Exercise description | The response should repeat word for word every line below from the one with "The output of" to the one with "Chiều 02/10, Phó", inclusive, and nothing else; leave pictures out.

[Dataset records]

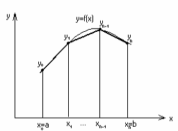 Дуга криво¿ f(x) зам³няºться стягуючою ¿¿ хордою. В точках розбиття проведемо ординати до перетину з кривою y=f(x). К³нц³ ординат з’ºднаºмо прямол³н³йними в³др³зками. Тод³ можна зам³нити кожну з одержаних кривол³н³йних трапец³й прямол³н³йною (рис.4). Площа кривол³н³йно¿ трапец³¿ ay0ynb можна вважати наближено дор³внюº сум³ площ прямол³н³йних трапец³й.
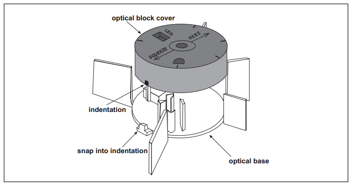 This series of self-diagnostic smoke detectors is designed for easy field service and maintenance. Figure 1 shows disassembly of the sensors protective cover. Once removed, inspect the cover for any dust build up and use air duster to clean, avoid using solvents or liquids.
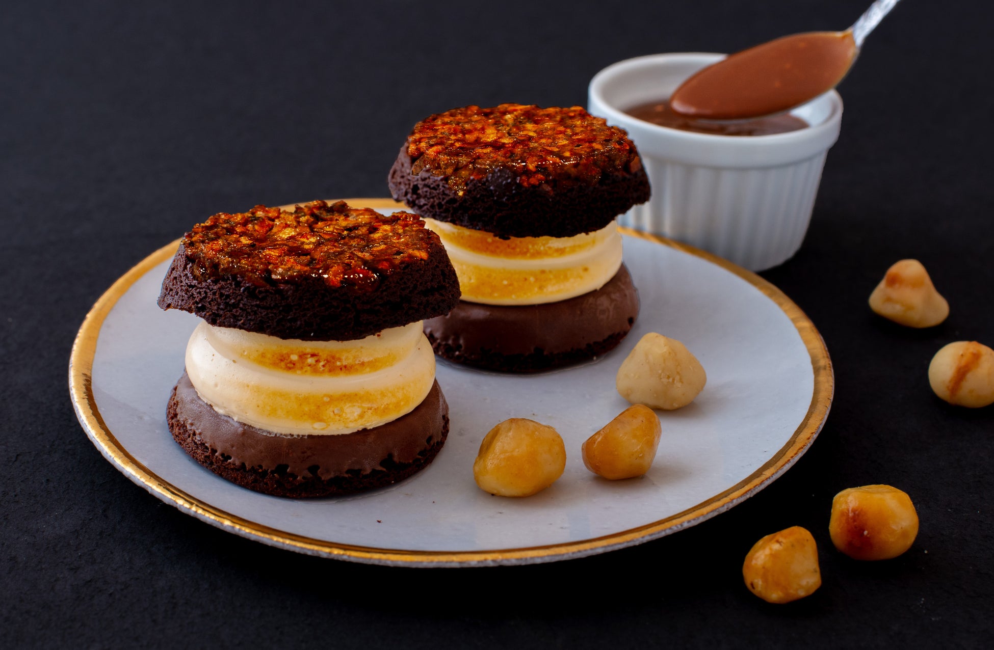 香ばしいマカダミアナッツのキャラメリゼ、ビターなチョコレートブラウニー、ふわふわのマシュマロキャラメル、そしてローストされたマカダミアナッツのコク深くまろやかなマカダミアソース。
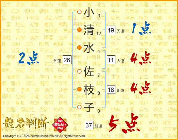 小(3画)清(12画)水(4画) 佐(7画)枝(8画)子(3画)
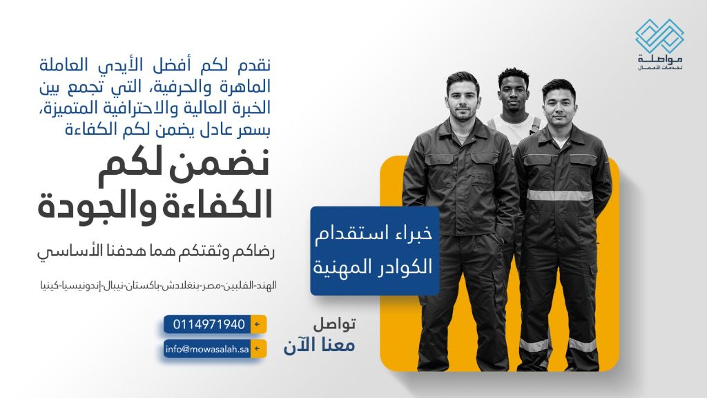 خبرة كبيرة في استقدام العمالة المهنية الهند نيبال الفلبين كينيا مصر بنغلادش أندونيسيا باكستان تونس لكافة الأنشطة في أقرب وقت وبأقل تكلفة مهندس محاسب مشرف مندوب مبيعات سائق خاص سائق تريلا سباك كهربائي باريستا عمال تحميل وتنزيل عمال نظافة وغيرها من المهن ضمان 90 يوم على العمالة نوفر مقابلات مع المرشحين لاختيار أفضل الكوادر
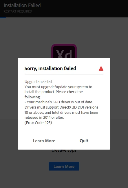 Problem of GPU when installing adobe XD
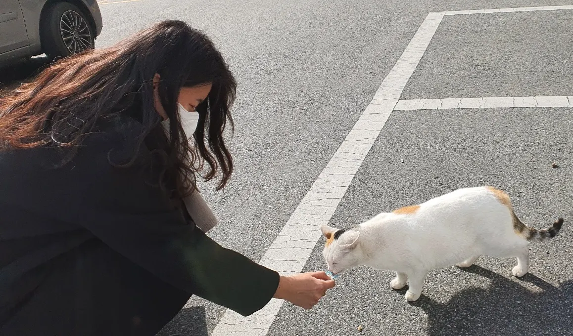 일하는 중간 리프레쉬를 위한 고양이 산책 타임
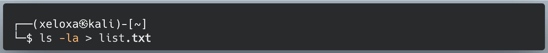 The output of the ls -la command is not written to the screen. Instead, it's written to the file named list.txt. If the file already exists, its old content is lost.
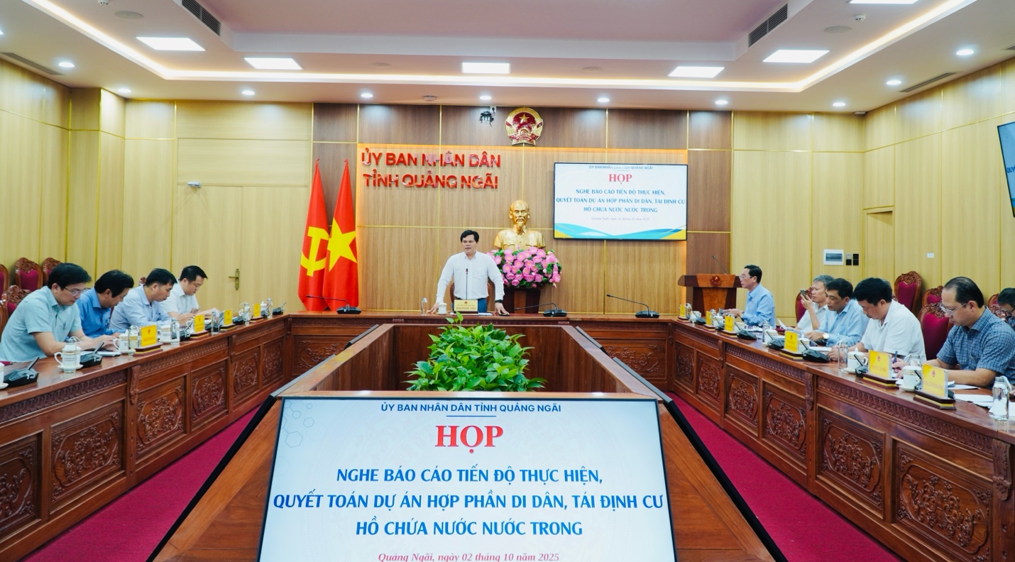 Chiều 02/10, Phó Chủ tịch UBND tỉnh Trần Phước Hiền chủ trì cuộc họp để nghe báo cáo tiến độ thực hiện, quyết toán dự án Hợp phần di dân, tái định cư hồ chứa nước Nước Trong.
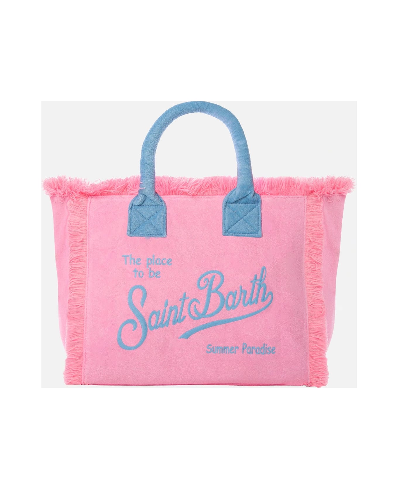 Colette pink terry fringed handbag Light blue Saint Barth logo Inner flap with metal zip Inside pocket with zip Sizes: 30 x 22 x 15 cm Composition: 100% cotton
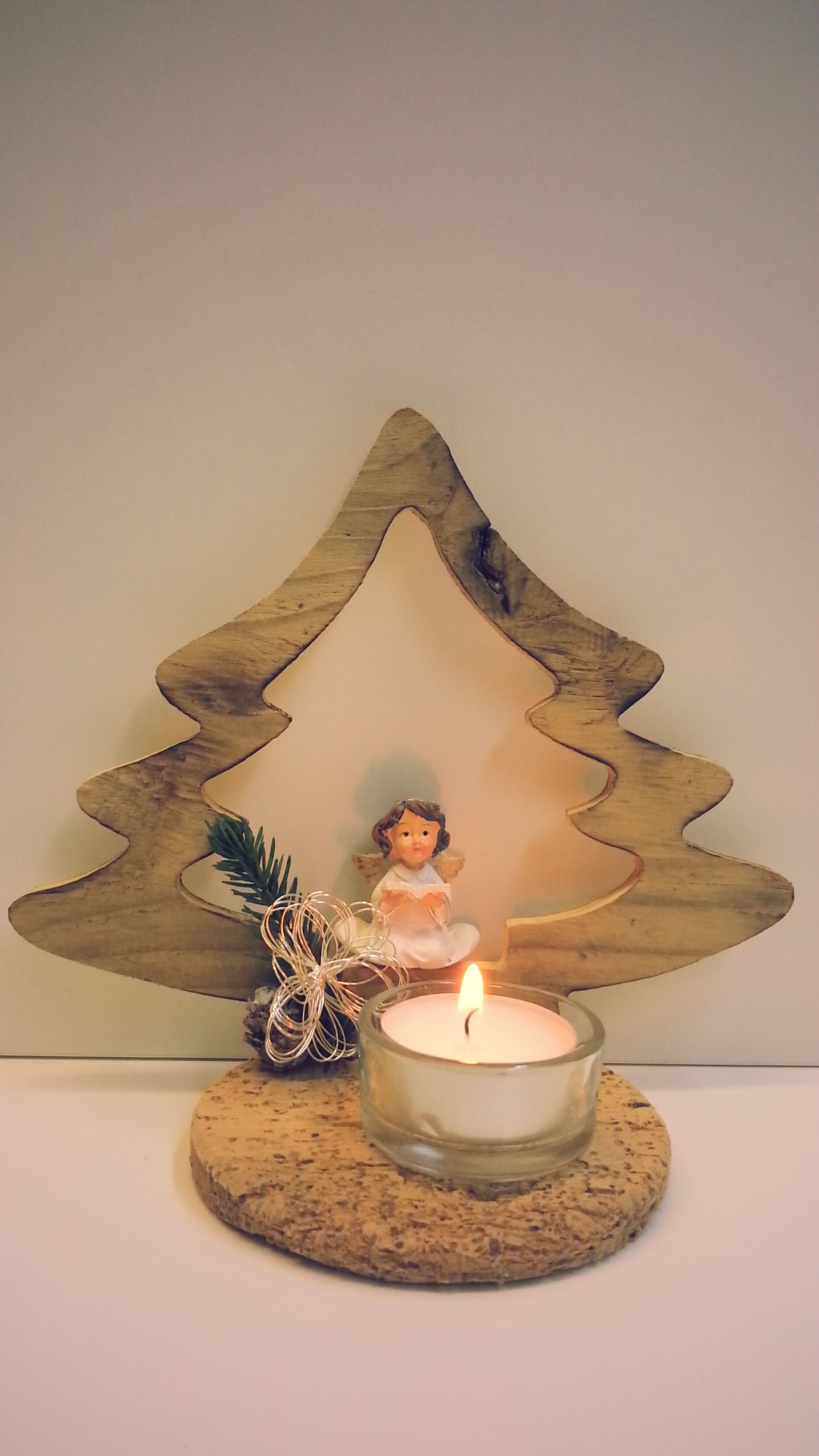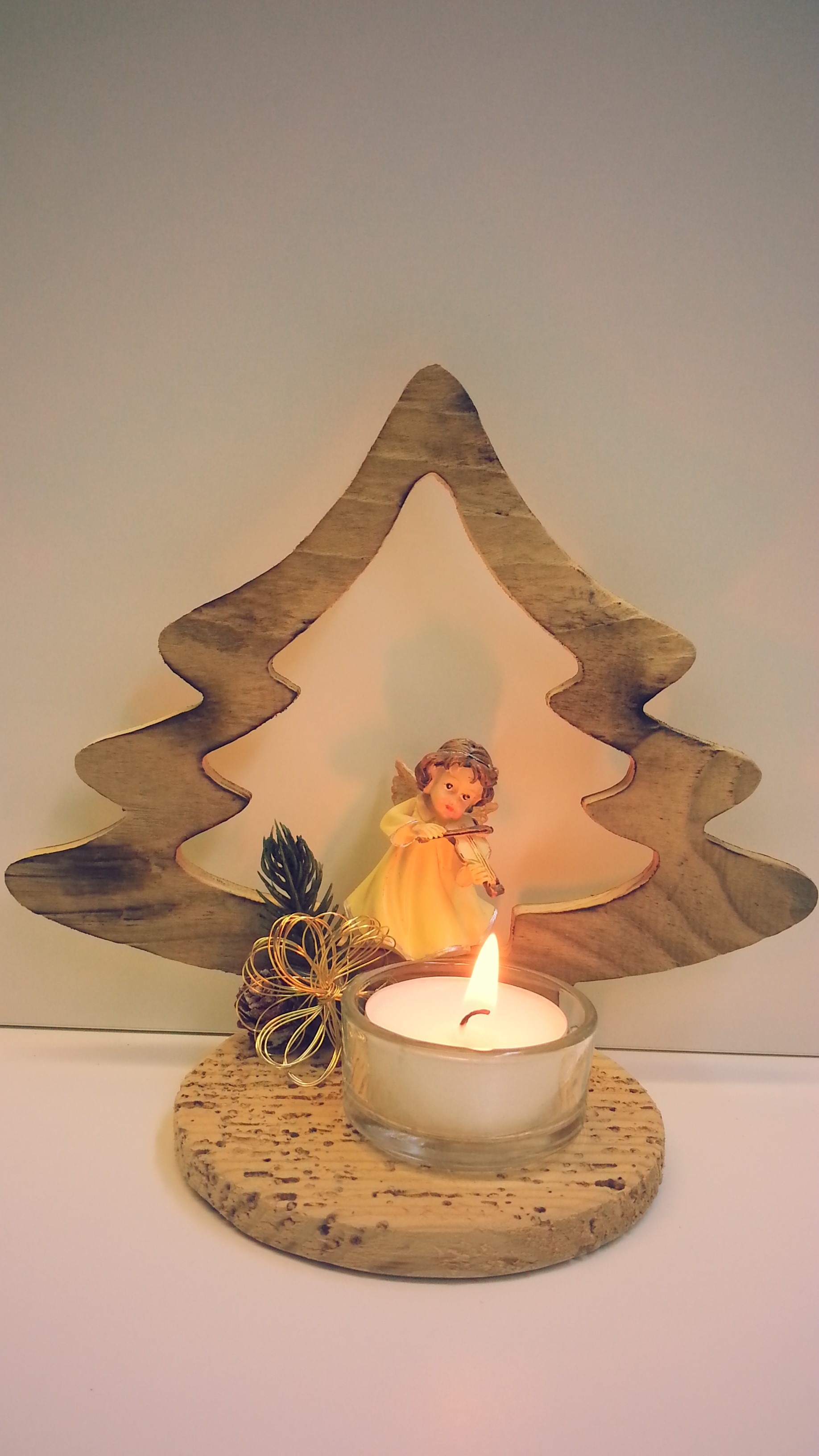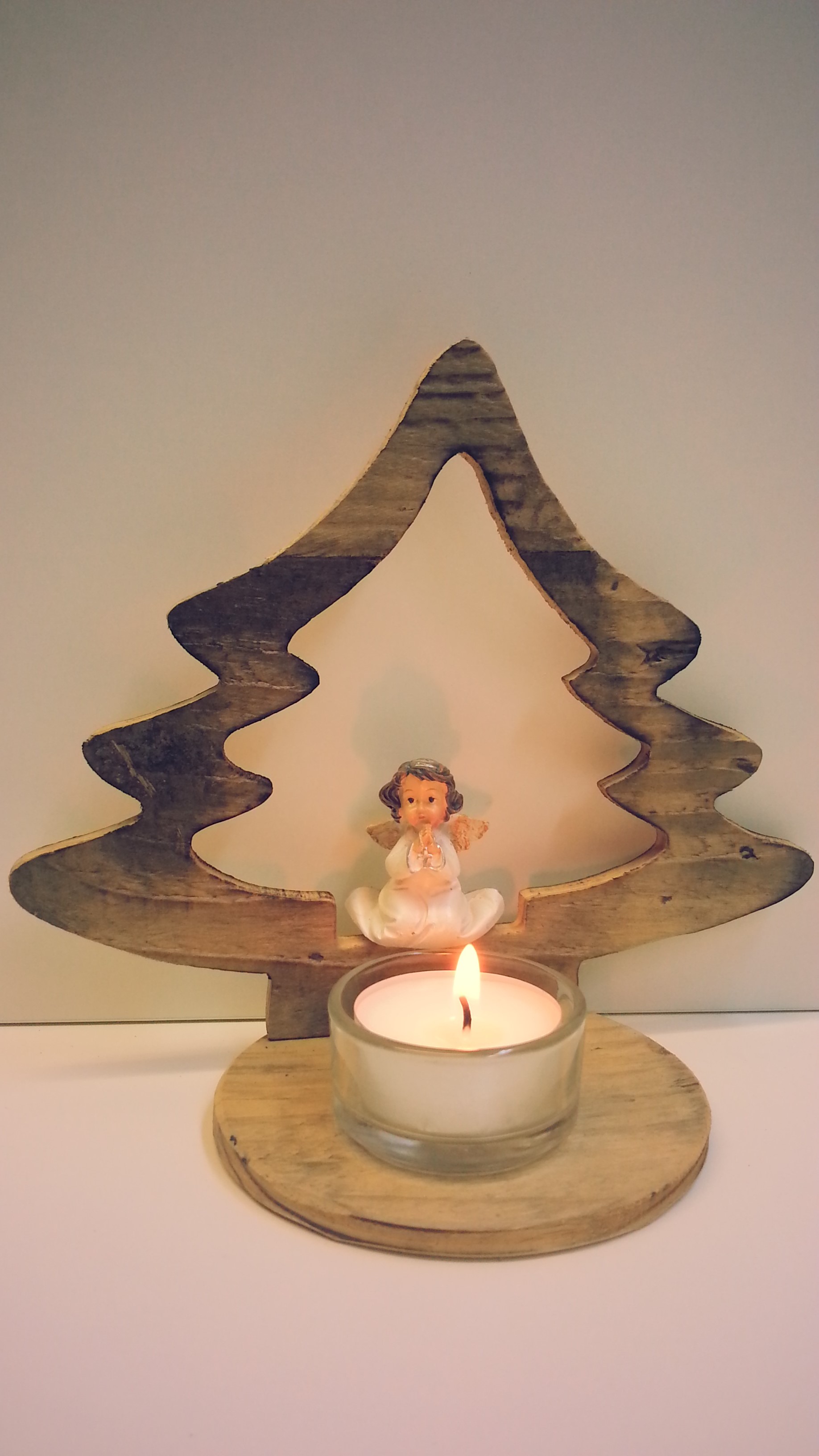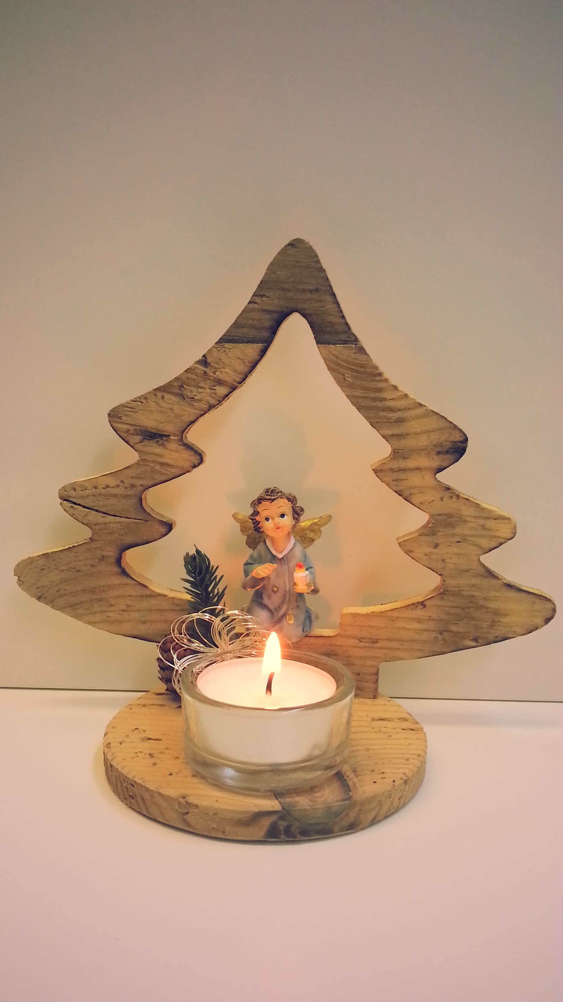 Teelichthalter mit dekorativen Tannenbaum und Altholzsockel
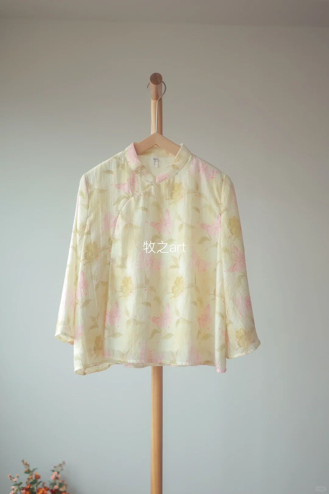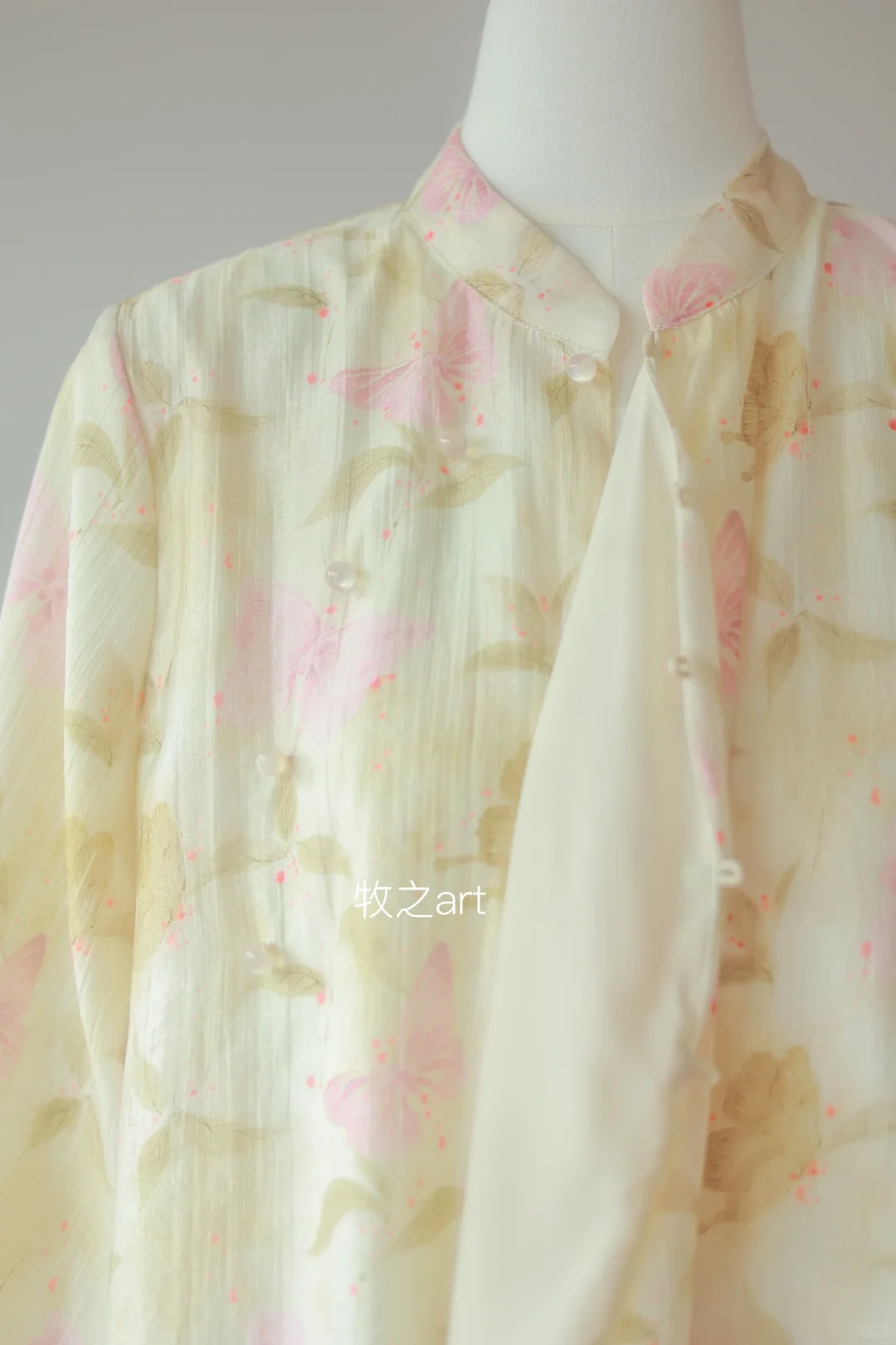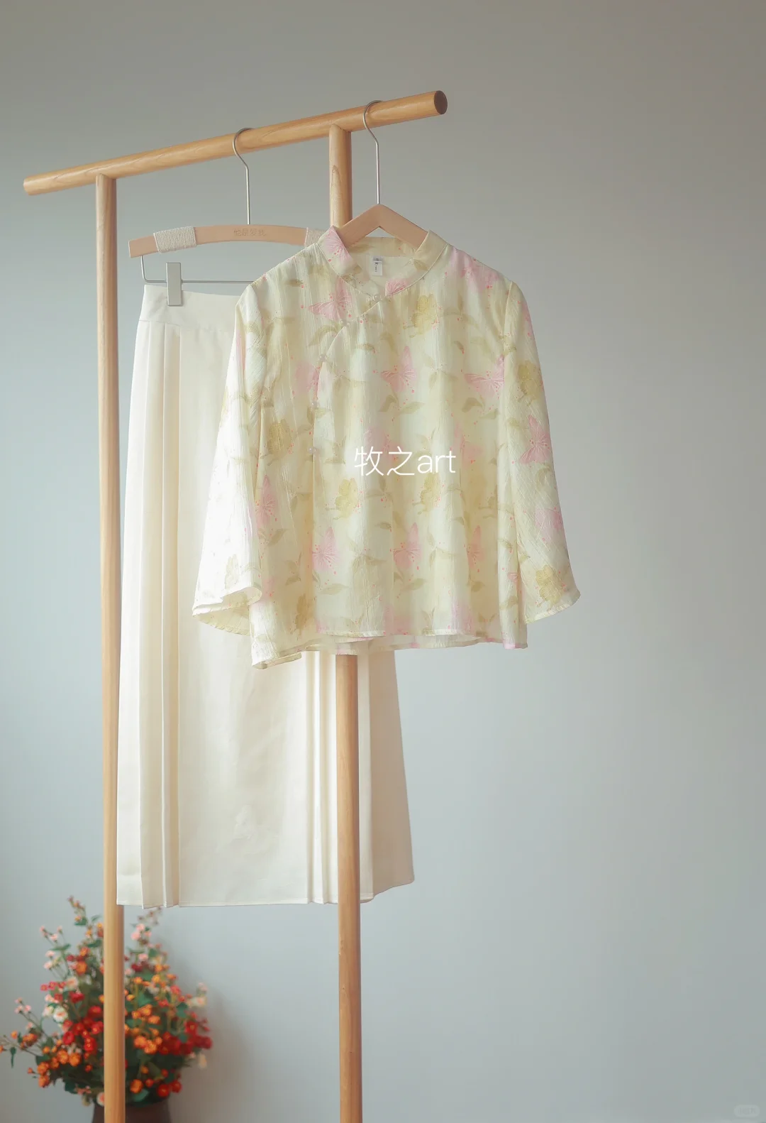 偏米色底调,加蝴蝶印花,春意盎然的颜色 心情都会变好~ 小立领,更显精致,也会日常些 倒大袖袖口仙仙的~ 3️⃣码,双层有米色内衬 半裙:黛语蝶 -

The answer |
 The output of the ls -la command is not written to the screen. Instead, it's written to the file named list.txt. If the file already exists, its old content is lost.
 Chiều 02/10, Phó Chủ tịch UBND tỉnh Trần Phước Hiền chủ trì cuộc họp để nghe báo cáo tiến độ thực hiện, quyết toán dự án Hợp phần di dân, tái định cư hồ chứa nước Nước Trong.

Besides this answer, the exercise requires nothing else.